Friday, November 21, 2014

Ms. Smith's Class Plants in the Jeffersonian Garden

On November 20, Ms. Smith's class had the introductory lesson about Thomas Jefferson the horticulturist. We first reviewed the basic facts: Jefferson was the 3rd U.S. President; he retired to Monticello, Va, where he had a plantation.  When he was president he sent Lewis and Clark on a expedition. Part of their job was to bring back seeds and new plants.

We discussed the definition of horticulturist and plantation. A horticulturist is an expert in the science of cultivating plants (vegetables, fruit, flowers and ornamental plants). A plantation is a large farm with crops such as tobacco and in Jefferson's case, vegetables. Jefferson's plantation was farmed by slaves.

Information about Thomas Jefferson the horticulturist and vegetable lover: he enjoyed eating vegetables and when he was president he bought lettuce from local farmers to serve at the White House; his favorite vegetable was English Peas; he planted many different types and species of vegetables in his 1,000 foot vegetable garden; he took extensive notes about his garden, often making daily records.

Today the students planted heirloom seeds of Prince Albert Peas and Early Jersey Wakefield Cabbage that are from the Thomas Jefferson Center for Historic Plants at Monticello. We also planted Tonda di Parigi heirloom carrot seeds from the 19th century. We discussed meaning of heirloom: something passed down, e.g. family heirloom. Heirloom seeds are seeds that are saved and passed down. Jefferson and others save seeds of plants that they like. We also discussed that seed packets have the Latin names of the plants listed under the English names.

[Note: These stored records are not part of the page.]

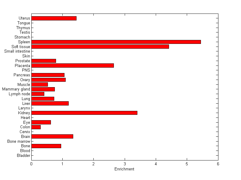 The expression level is normalized with tissue-library size. Each value for a gene in a tissue is a ratio of observed ESTs to the expected one in this tissue. The expected number of ESTs is the product of total ESTs of the gene and the fraction of total ESTs in the tissue among all ESTs in 30 tissues.
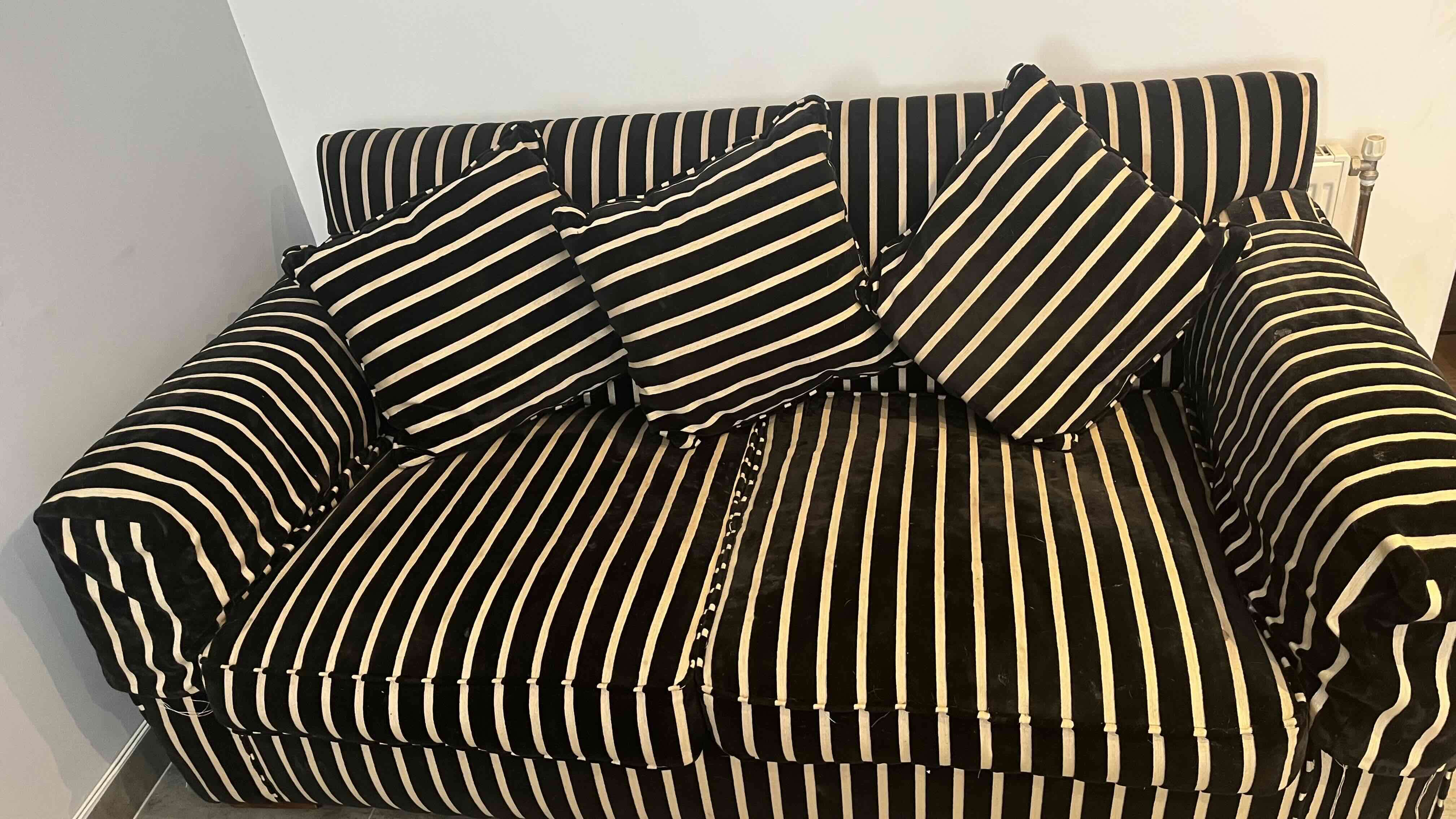 Sofá amplio con diseño de rayas blancas y negras. En buen estado general, ideal para sala de estar. Se ve cómodo y con cojines incluidos. De 2 cuerpos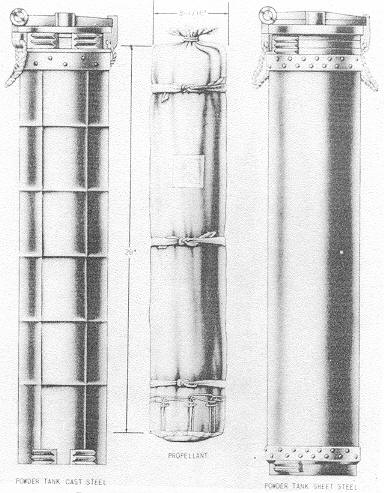 For storage purposes, the propellant charges are sealed in waterproof containers comm-only known as "powder tanks". Two types of the tanks have been recovered: one is a heavy tank (26.4 pounds) of cast steel and bronze; the other is sheet steel and alumi-num and weighs 15.4 pounds. Both are well lacquered inside and have the same internal dimensions, 6.2 inches by 33.4 inches. |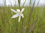 Herb, up to 85 cm tall, growing from a short, horizontal, regularly constricted rhizome with fibrous remains of old leaf bases; roots slender and wiry with distant tubers; leaves 4 – 6 per plant in 2 rows, broadly linear, narrowed and sheathing below, attenuate above, 7 – 85 x 0.5 – 4.5 cm, glabrous with midribs prominent, leaf bases without reddish-brown stripes or spots; peduncle flat and narrowly winged above, up to 40 cm long, glabrous; inflorescence unbranched, up to 16 cm long, flowers sparsely arranged; floral bracts to 12 mm long, lanceolate; pedicles articulated below middle, 1 – 7 per node, c. 14 mm long in fruit; perianth whitish to pinkish; tepals 8-17 mm long, (3)5-7 veined; stamens slightly shorter than tepals, in two groups usually with 4 in upper and 2 in lower; filaments glabrous, shorter or about as long as anthers; style declinate, slightly exserted above stamen; capsule obovoid to shallow deltoid, transversely ridged, covered in remains of dry perianth; seeds irregularly folded, c. 1 mm across. |

One student in each group was the scribe and took notes of our discussion. He and she also recorded the weather and the number and type of seeds planted. In this way we are following in Jefferson's footsteps as he wrote in a garden journal.

Follow-up: 1) students can do further research about Thomas Jefferson by visiting www.monticello. org. 2) students can measure 1,000 feet to understand scope of Jefferson's vegetable garden; 3) students will monitor growth of their vegetables and record in the class journals.

The areas and vegetables planted by each class are now identified with markers.